The STEP Provisions state: ‘Where capital is payable to a beneficiary who does not have the mental capacity to appoint an attorney under a lasting power of attorney which relates to the property and affairs of the beneficiary, the Trustees may (subject to the directions of the Court or a deputy appointed under the Mental Capacity Act whose powers include receiving such capital) apply that capital for the benefit of the beneficiary.’ On the facts of F v R, the judge did not consider this action to be in R’s best interests, but it is not to be ruled out as a possibility in future cases.

Two issues will be uppermost in the mind of a trustee:

  • Which court is referred to by para.18(2)?

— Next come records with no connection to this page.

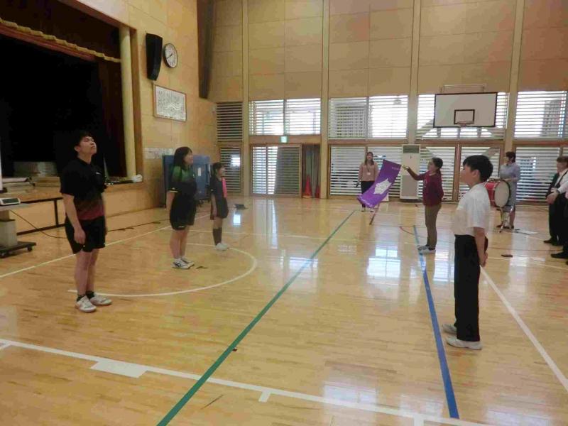 16日(日)は、いよいよ全能登大会です。県大会出場をかけた大切な大会となります。後期課程の3人の力になりたいと、今日は前期課程の2人が激励会をしました。前期課程の2人は、どうすればよりよい激励会になるかを話し合い、練習を重ねてきました。「3・3・7拍子に歌詞をつけて、3人それぞれを応援する」「一緒に練習してきたけれど、地震のために大谷を離れた児童生徒の応援メッセージ動画を流す」など工夫した内容でした。
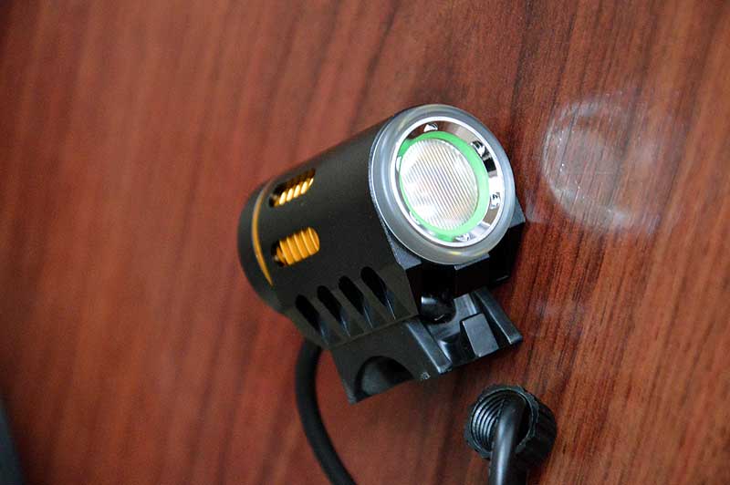 Like so many of these lights, they come with a half round plastic mount that uses o-rings to hold it onto either the bars or an adapter for helmet mounting. The o-ring mount is pretty ordinary for use off-road and will move back and forward in the rough.
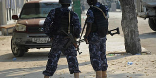 Security forces personnel stand guard on March 28, 2015 after a bomb attack on March 27 on the Makal Almukarama hotel in Mogadishu by Somalia's Al-Qaeda-affiliated Al-Shabaab militants. The death toll rose to 14, police said on March 28. PHOTO | MOHAMED ABDIWAHAB |

The CoP or the High Court? F v R seems, impliedly at least, to point to the former, but the point was not settled.
  • The tax consequences of a trust deriving from this provision and whether it might amount to a relevant property trust.

In any event, F v R illustrates once again that the benefits of obtaining specialist advice should not be understated, especially in the context of estate planning. 10

1 [2020] EWCOP 52 2 Under an ‘absolute trust’, the beneficiaries are named at the outset on the deed and cannot be changed at a future date. 3 [2018] NICh 15 4 [2022] EWCOP 49 5 It should be said that this analogy was put in oral submissions in F v R
but not accepted. 6 [2016] EWCOP 2532 7 [2000] 3 ITELR 113 8 2nd edition 9 Rather than by an order of the CoP under s.18(1)(h) of the Mental Capacity Act 2005. 10 Paul Levy was instructed by the applicant in F v R and James McKean appeared for the applicants in Re LMS and F v R.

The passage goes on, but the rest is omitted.